6 vaccines ($.60/dose)

1 wormings ($.60/dose)

Vet – $2.00

Vaccines – $3.60

Wormer – $.60

$6.20
Kid Medical cost is equal: $6.20

Opportunity Cost

Remembering back to Dr. Taylor’s class, he would always talk about opportunity cost. It does not matter if you love the goat business, what else could you or your property be doing to earn a living. Hence opportunity cost. I take an example of planting corn. It is easy we can plant an acre of corn in about an hour total (disk/plant/spray/harvest/etc) and it makes about $20 per acre profit. Not too bad, but then those cute little kids would not be running around.

Doe Opportunity Cost Total
What if I plowed the pastures? (7 does / acre) Planting corn on the pastures. 1 acre of corn is about $20 profit

$20/7

$2.80
Doe Opportunity cost is equal: $2.80

 

The Totals

It scares me every time I run the numbers, because the margins are just that close. It is costing me an arm and leg to have this cute little kids run around the farm.

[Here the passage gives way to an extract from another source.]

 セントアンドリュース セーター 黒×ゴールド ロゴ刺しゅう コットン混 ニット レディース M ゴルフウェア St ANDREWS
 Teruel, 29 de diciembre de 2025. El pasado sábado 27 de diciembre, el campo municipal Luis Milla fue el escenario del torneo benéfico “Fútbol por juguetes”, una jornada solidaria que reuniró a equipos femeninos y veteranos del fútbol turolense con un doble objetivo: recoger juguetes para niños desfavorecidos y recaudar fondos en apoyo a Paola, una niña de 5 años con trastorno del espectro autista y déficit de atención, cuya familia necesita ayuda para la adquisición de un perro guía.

Animal Feed (Corn/Supp) Hay Pasture Medical Opportunity Cost Total
Doe $68.80 $41.25 $7.14 $14.20 $2.80 $134.19
Kid $13.20 $7.50 N/A $6.20 N/A $26.90

Where is the Upside

If you are lucky enough to have raised a kid to market weight, you have the chance to make a little bit of money. When we first started in the goat business, it was anything but profitable. The poor little kids seemed to die faster than they were born. I tell people the difference between a live goat and a dead goat is 5 minutes.

Since we started saving our replacement does and started increasing the mineral, vaccines usage, we have had a much higher success rate. My family and our friends travel to a different university each year to see what the latest innovation in the goat industry might be and maybe see the goats in a little different light.

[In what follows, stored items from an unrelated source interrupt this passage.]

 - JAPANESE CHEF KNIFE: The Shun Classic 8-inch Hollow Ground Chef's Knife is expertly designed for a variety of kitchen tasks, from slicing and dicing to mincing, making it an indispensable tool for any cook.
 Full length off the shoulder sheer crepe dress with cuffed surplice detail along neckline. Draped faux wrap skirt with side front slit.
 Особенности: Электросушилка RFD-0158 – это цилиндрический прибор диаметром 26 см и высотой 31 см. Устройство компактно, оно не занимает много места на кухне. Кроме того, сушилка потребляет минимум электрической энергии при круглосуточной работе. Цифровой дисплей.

Let’s talk numbers. I strive to have a 208% kid crop each year. I want to wean at least 166% and sell 130% of my kids at market time. That gives me my replacement does and allows me to cull a couple my low performing herd does.  The most practical solution would be to strive as close to 200% marketable animals and with better management, I think we can get there.

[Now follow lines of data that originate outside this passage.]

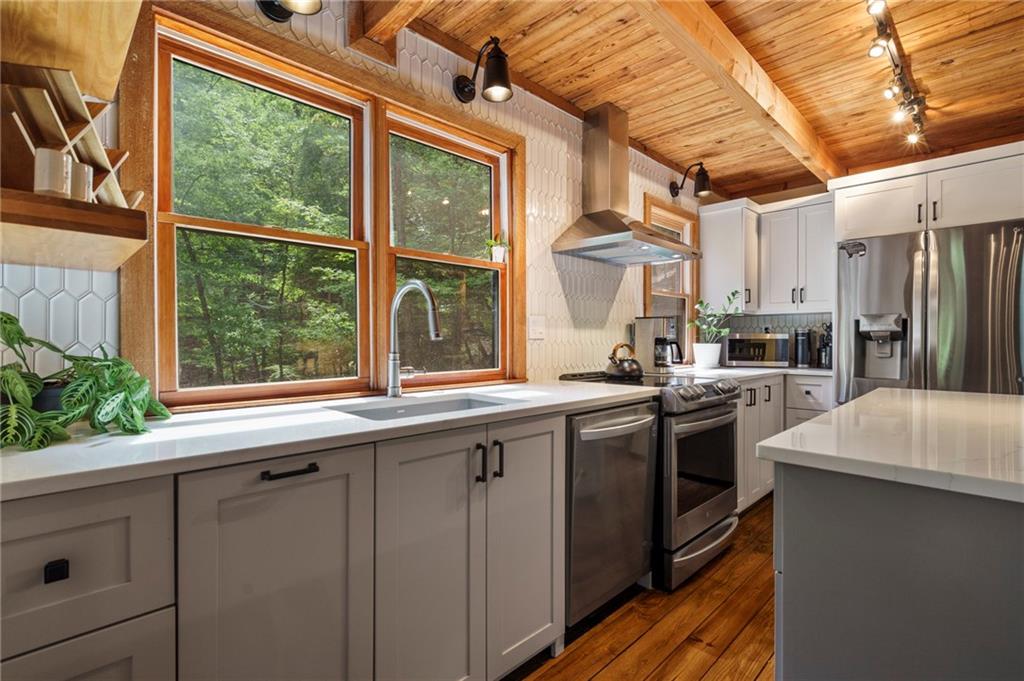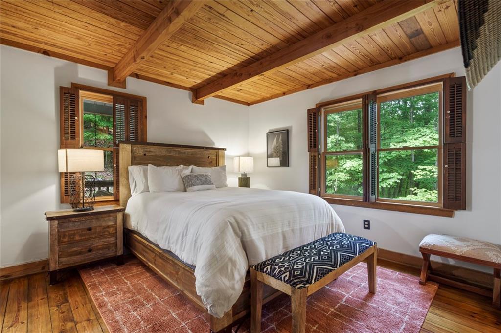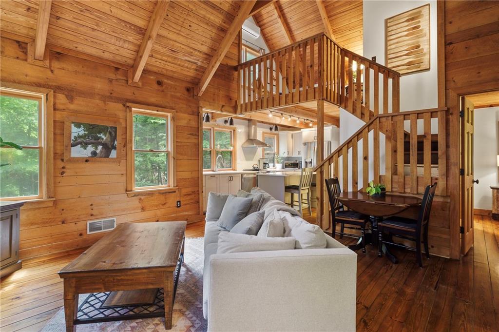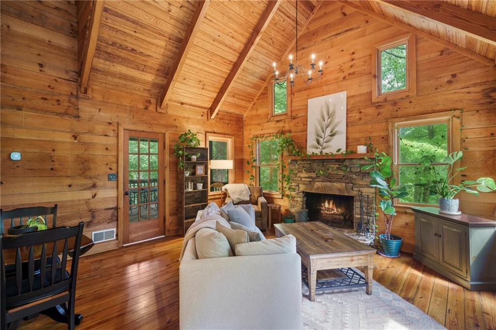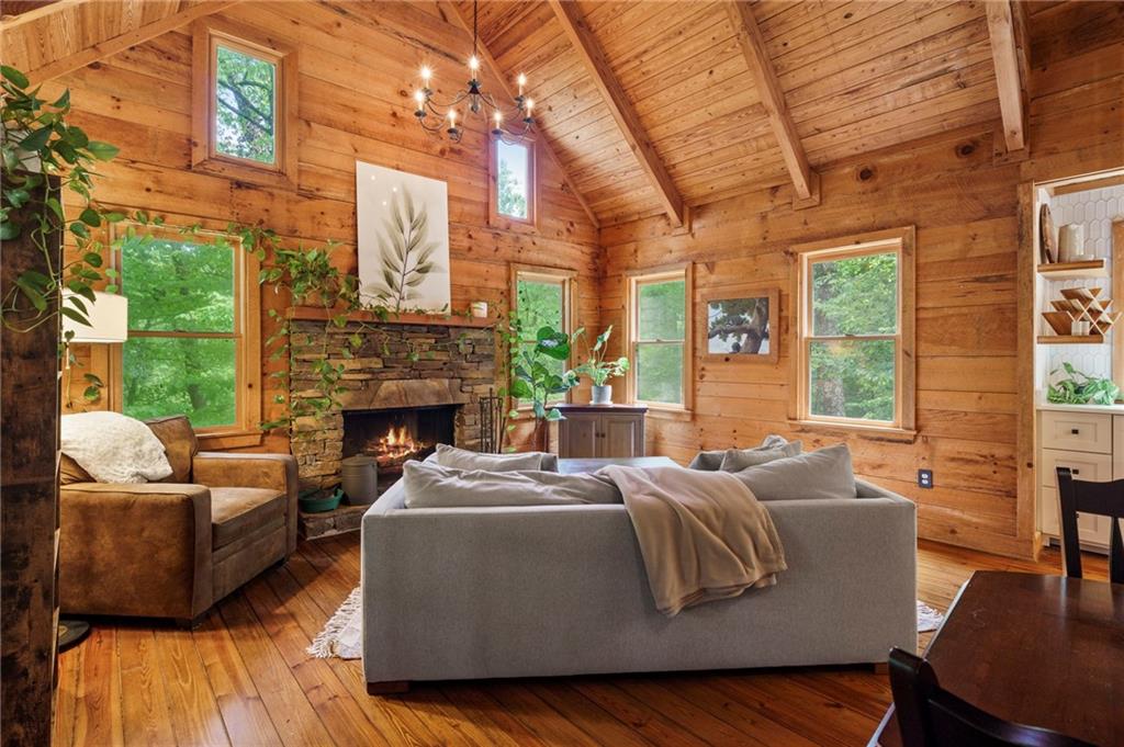 3 BR/2 1/2 BA fabulous Plummer cabin--recently renovated and without sacrificing the charm of the coveted Plummer-designed cabin. Privacy, privacy, privacy! Wonderful great room with its original wood burning Tennessee stacked stone fireplace. Wide plank pine flooring throughout. Conveniently located near walking trails and Indian Rocks Park. Master on main, with another master on the terrace level--and each with full bathroom. Upstairs is your 3rd bedroom, half bath, & a quiet loft with hvac "split" for added comfort. Home is available fully furnished. Buyer to verify all information and dimensions deemed important.
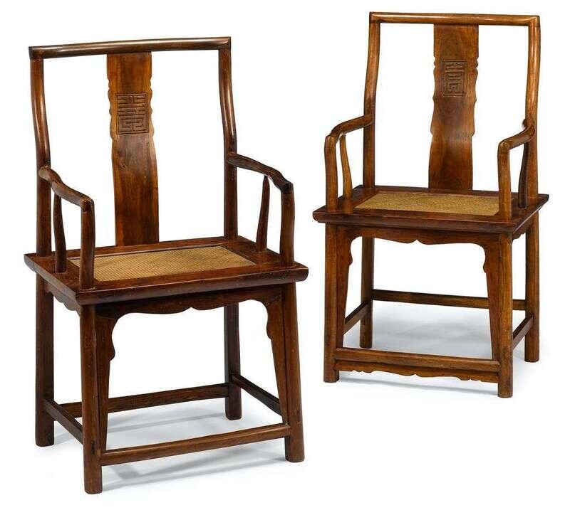 Shaped backsplat carved with 'shou' symbol, outcurved arms supported on tapering posts supported on a rectangular frame enclosing mat seat, the legs are joined by bracket shaped aprons and step stretchers.
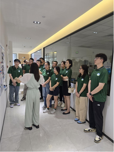 团队首站抵达杭州,访问医疗健康数字化服务领先企业——丁香园。企业负责人系统介绍了公司发展历程、核心业务与产品体系,并引导师生参观公司各部门,实地了解互联网医疗、健康数据服务及科普平台的实际运作。在交流研讨环节,师生就健康大数据应用、科学传播、医学信息学发展等议题与企业专家进行了深入讨论,为后续合作奠定了良好基础;赴杭州景杰生物科技有限公司进行调研学习。在参观实验室与生产车间过程中,师生深入了解蛋白质组学技术从科研到转化应用的完整链条。活动特别设置“景杰生物—哈医大校友见面会”,校友们分享了自己的职业发展经验,进一步增强了校企间的情感纽带与合作共识。
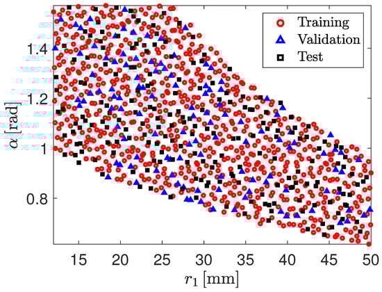 In this section, the NN-based surrogate models are presented and their predictive capability discussed. Each NN-based surrogate model is trained using data points derived FEA. Out of 1000 data points, 800 are used for training, with 680 allocated for training and 120 for validation. The remaining 200 experiments are used for testing. Those datasets are shown in Figure 9.
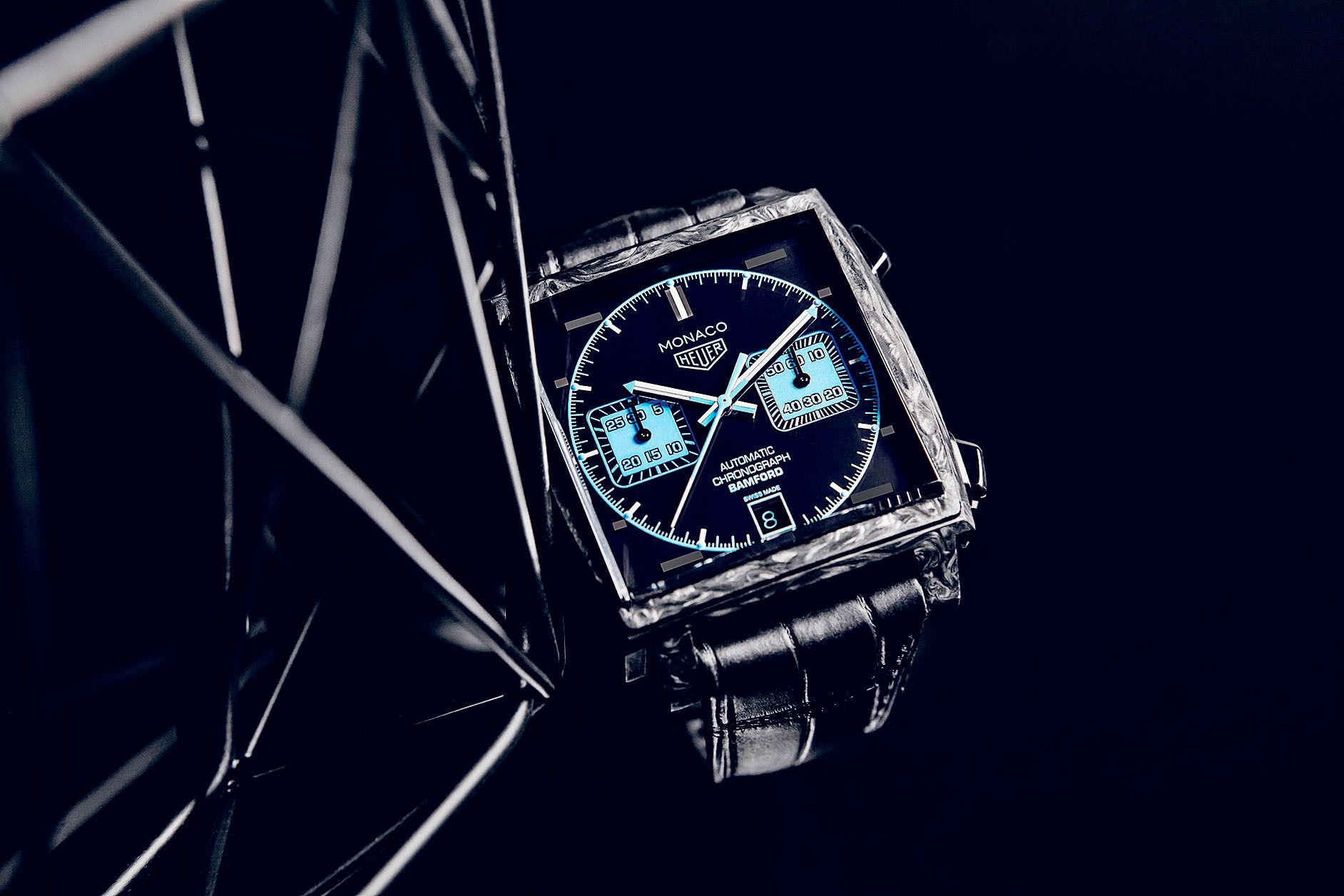 «Карбоновая лихорадка» началась с культового квадратного хронографа TAG Heuer Monaco, ставшего одним из открытий базельской выставки 2018 года. Модель была разработана совместно с британской компанией Bamford Watch Department, которая специализируется на индивидуальных заказах для крупных часовых брендов. В бликующий матовый квадрат карбонового корпуса заключен черный опаловый циферблат с яркими деталями цвета AquaBlue, скрывающий под собой автоматический калибр 11.

At the time of this article, the local sale barn is paying $2.30/lb. for 60 lb. market kids. This will be the number of basing profit and loss. $ 2.30 * 60 lb. – ($4 handling + $1 sale fee) = $133.00

 

Item Doe Expense Kid Expense Kid Expense Kid Expense Kid Expense Sale Price $133 Profit/Loss

Doe +

1 kid

$134.19 $26.90 $133.00 -$28.09

Doe +

1.3 kids

$134.19 $26.90 $8.07 $172.90 $3.74

Doe +

2 kids

$134.19 $26.90 $26.90 $266.00 $78.01
Doe +

3 kids

$134.19 $26.90 $26.90 $26.90 $399.00 $184.11

 

Can I starve a profit out of my animals

IMG_0113

I opened with this question and I will close with it too. Dr. Taylor is right as usual; you can not starve a profit out of the goats. As you reduce the feed provided, the kidding numbers fall and as the kids fall so goes the profit. But one last thought. What if I changed the inputs? What if I fertilized my pastures more and reduced the summer supplemental feedings to almost zero. What if I culled all my animals based on record keeping rather than my own love of certain ones.

I can reduce my input cost by becoming a better manager. Maybe my next book I need to read is my old AgEcon 200 book.